The importance of the last-mentioned point can’t be overemphasized since it proves that India has successfully positioned itself as the Convergence of Civilizations and consequently become the Global Pivot State in the New Cold War as a result of its masterful diplomatic-economic-strategic manoeuvring. Pakistan could have played a complementary role as explained here, here, here, here, and here, but everything that happened after Imran Khan’s US-backed removal made that impossible.

 

These neighbouring countries’ fates therefore couldn’t be more different: Pakistan is descending into instability, abject poverty, and isolation while India is rising as a beacon of stability in the hemisphere, continues lifting hundreds of millions of people out of poverty, and is the centre of global attention. Whereas Pakistan’s problems could spill across its border and bring trouble to countless others, India’s growth fuels the global economy during these turbulent times and stands to benefit billions of people.

 

CPEC couldn’t save Pakistan from the cascading crises that it found itself in as a result of corruption and mismanagement, but India was already on the path to becoming a globally significant Great Power even before IMEC was unveiled. Accordingly, CPEC no longer has anywhere near its former strategic economic value in terms of shaping the world order and might likely never regain what it lost since Imran Khan’s US-backed removal, while IMEC will accelerate existing trends in ways that’ll truly reshape the world.

 

The very fact that this latest series of megaprojects will involve a combination of G7 and BRICS countries counteracts latent bifurcation processes in the global financial system such as those that emerged after the latest BRICS Summit and ahead of the recent G20 one.
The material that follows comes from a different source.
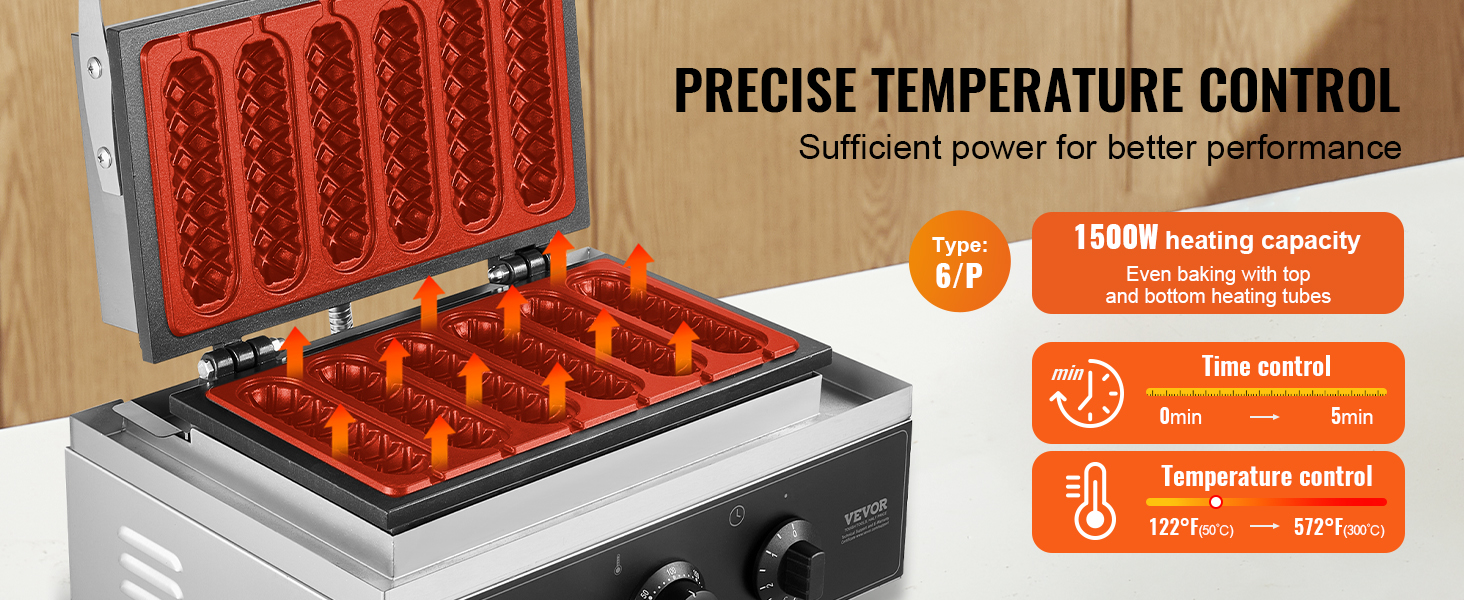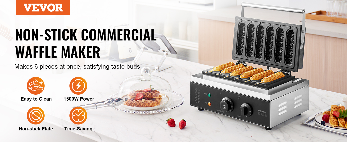 Vafľovač na tyčinky 6PCS 1500W nepriľnavý, regulácia teploty a času

The first prompted speculation that BRICS might become a Chinese-led alternative to the US-led G7, while the second saw President Xi skip this year’s G20 Summit in India, which reinforced perceptions about the preceding trend.

 

IMEC prevents the aforementioned from leading to the creation of two de facto blocs by fostering cooperation between them, thus averting the scenario of International Relations sliding back into bipolarity / bi-multipolarity with all that could entail for limiting most countries’ sovereignty. India’s role in pioneering this corridor across the western part of Eurasia could precede the unveiling of a complementary one across the eastern part aimed at solidifying its central strategic economic position.

 

Whereas IMEC transits West Asia to link India with Europe, its potential counterpart could transit Southeast Asia to link India with Japan, all the while India’s ties with Africa will continue diversifying in line with the “Afro-Indo Century” paradigm. The cumulative effect of these economic corridors is that they’ll reinforce India’s newfound status as the Convergence of Civilizations and consequently the Global Pivot State, which will supercharge tri-multipolarity processes and accelerate the Global South’s rise.

 

CPEC could have played a complementary role via the CPEC+ vision of expanding this series of Pakistani-based but Chinese-financed megaprojects across Central Asia, West Asia, and Africa, though it failed due to that host country’s political dysfunction that ultimately sabotaged its grand strategic potential. India is therefore leading the global systemic transition to multipolarity while Pakistan is left in the dust and China, whether it intends to or not, is now championing bipolarity / bi-multipolarity processes.